—Vous! monsieur de Taverney, s'écria-t-elle en se remettant; vous! vous avez quelque chose à me demander? Oh! parlez.
—Dix minutes d'audience au loisir de Votre Majesté, dit Philippe en s'inclinant sans avoir désarmé la sévère pâleur de son front.
—À l'instant même, monsieur, répliqua la reine en jetant un regard furtif sur Charny, qu'elle redoutait involontairement de voir si près de son ancien adversaire; suivez-moi.
Et elle passa plus rapidement lorsqu'elle entendit le pas de Philippe derrière le sien, et eut laissé Charny à sa place.
Elle continua cependant de faire sa moisson de lettres, de placets et de suppliques, donna quelques ordres, et rentra chez elle.

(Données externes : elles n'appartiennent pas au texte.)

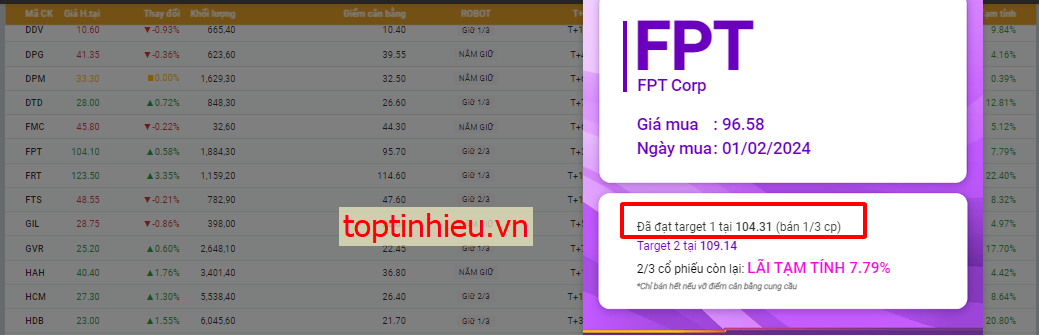 FPT phiên nay đã đạt Target đầu tiên sau điểm mua phiên 1 tháng 2 ,các thành viên nắm giữ chú ý canh bán 1/3 tỉ trọng

Un quart d'heure après, Philippe était introduit dans la bibliothèque où Sa Majesté recevait le dimanche.
—Ah! monsieur de Taverney, entrez, dit-elle en prenant le ton enjoué, entrez et faites-moi de suite bon visage. Il faut vous le confesser, j'ai une inquiétude chaque fois qu'un Taverney désire me parler. Vous êtes de mauvais augure dans votre famille. Rassurez-moi vite, monsieur de Taverney, en me disant que vous ne venez pas m'annoncer un malheur.
Philippe, plus pâle encore après ce préambule qu'il ne l'avait été pendant la scène avec Charny, se contenta de répliquer, voyant combien la reine mettait peu d'affection dans son langage:
—Madame, j'ai l'honneur d'affirmer à Votre Majesté que je ne lui apporte cette fois qu'une bonne nouvelle.
—Ah! c'est une nouvelle! dit la reine.